━━━ Data to process

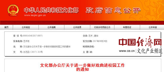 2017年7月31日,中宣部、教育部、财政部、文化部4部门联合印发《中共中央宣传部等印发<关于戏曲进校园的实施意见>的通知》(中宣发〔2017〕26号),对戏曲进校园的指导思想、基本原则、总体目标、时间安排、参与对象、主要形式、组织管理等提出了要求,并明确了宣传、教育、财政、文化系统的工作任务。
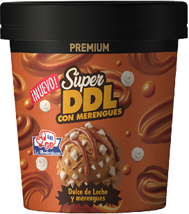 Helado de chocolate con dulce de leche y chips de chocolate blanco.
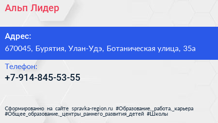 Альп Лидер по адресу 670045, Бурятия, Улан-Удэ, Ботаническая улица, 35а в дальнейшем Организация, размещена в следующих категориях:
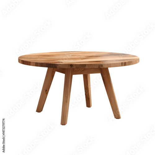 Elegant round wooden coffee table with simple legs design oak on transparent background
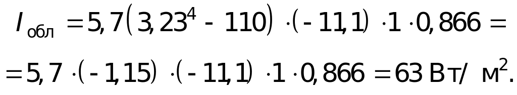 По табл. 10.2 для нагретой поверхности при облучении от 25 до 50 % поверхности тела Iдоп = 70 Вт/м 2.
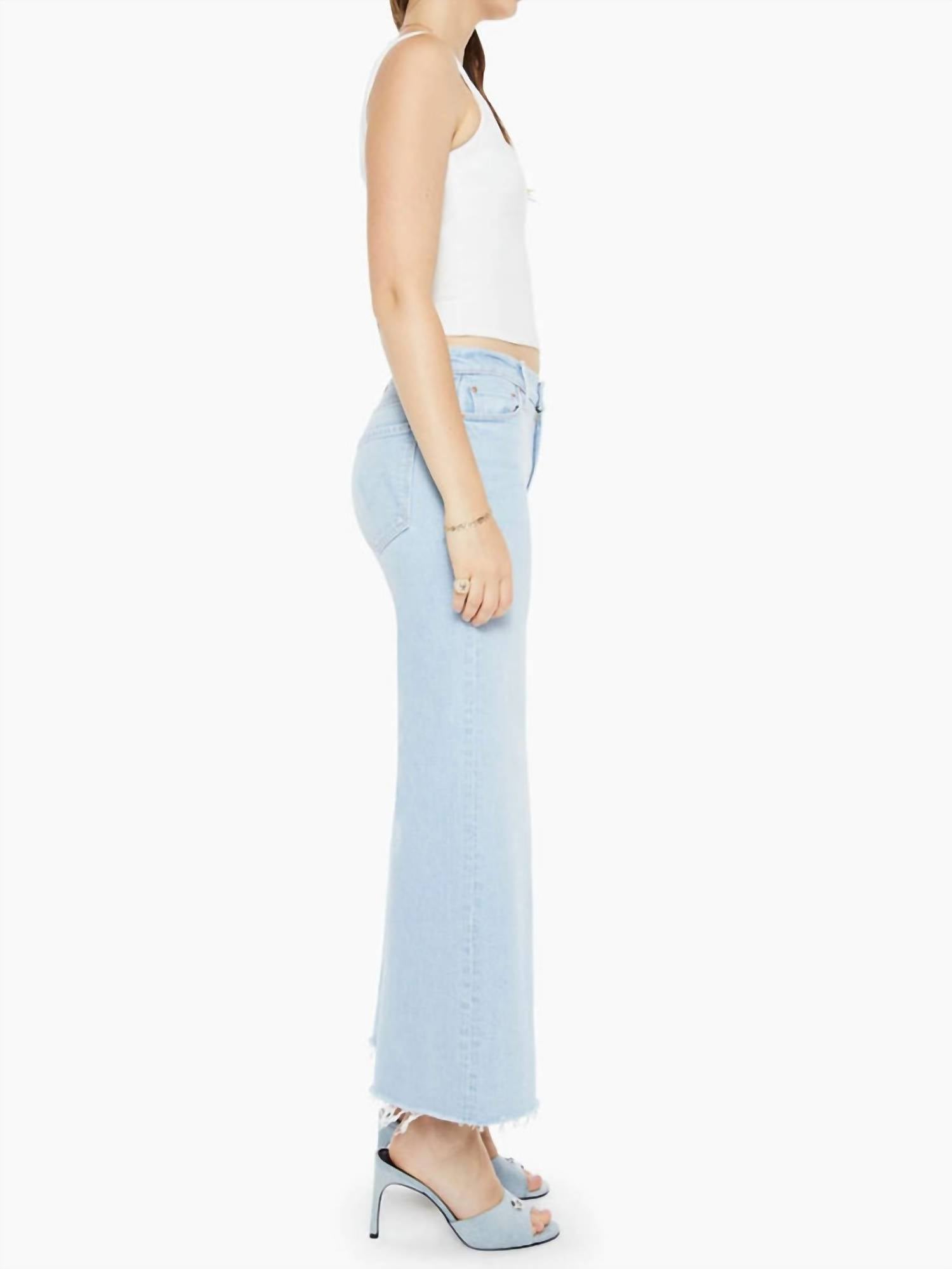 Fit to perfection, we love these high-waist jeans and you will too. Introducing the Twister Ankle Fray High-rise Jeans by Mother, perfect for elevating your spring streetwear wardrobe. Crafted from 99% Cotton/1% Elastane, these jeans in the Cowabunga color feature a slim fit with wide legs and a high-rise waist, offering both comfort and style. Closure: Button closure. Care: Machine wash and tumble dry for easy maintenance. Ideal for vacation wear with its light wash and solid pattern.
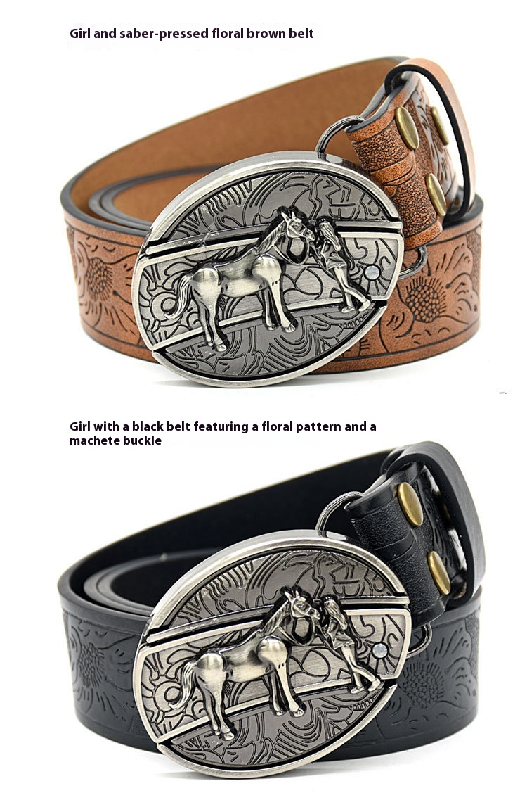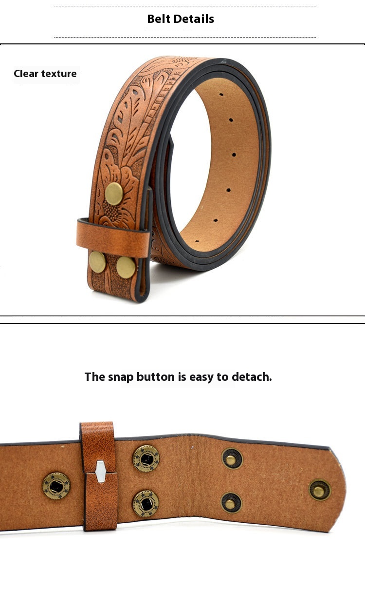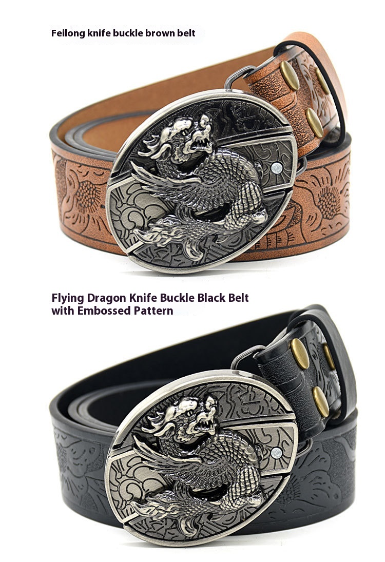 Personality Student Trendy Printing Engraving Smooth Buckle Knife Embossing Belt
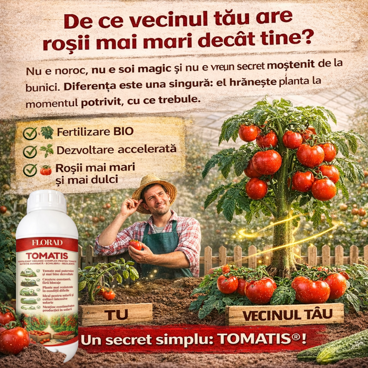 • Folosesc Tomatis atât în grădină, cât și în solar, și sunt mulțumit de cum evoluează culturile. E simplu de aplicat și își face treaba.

━━━━━━

* [Problem requirements]: Without the pictures, repeat exactly the lines running from the line containing "Альп Лидер по" through the end of the data, both ends included.

* [Your response]:
 Альп Лидер по адресу 670045, Бурятия, Улан-Удэ, Ботаническая улица, 35а в дальнейшем Организация, размещена в следующих категориях:
 Elegant round wooden coffee table with simple legs design oak on transparent background
 По табл. 10.2 для нагретой поверхности при облучении от 25 до 50 % поверхности тела Iдоп = 70 Вт/м 2.
 Fit to perfection, we love these high-waist jeans and you will too. Introducing the Twister Ankle Fray High-rise Jeans by Mother, perfect for elevating your spring streetwear wardrobe. Crafted from 99% Cotton/1% Elastane, these jeans in the Cowabunga color feature a slim fit with wide legs and a high-rise waist, offering both comfort and style. Closure: Button closure. Care: Machine wash and tumble dry for easy maintenance. Ideal for vacation wear with its light wash and solid pattern.
 Personality Student Trendy Printing Engraving Smooth Buckle Knife Embossing Belt
 • Folosesc Tomatis atât în grădină, cât și în solar, și sunt mulțumit de cum evoluează culturile. E simplu de aplicat și își face treaba.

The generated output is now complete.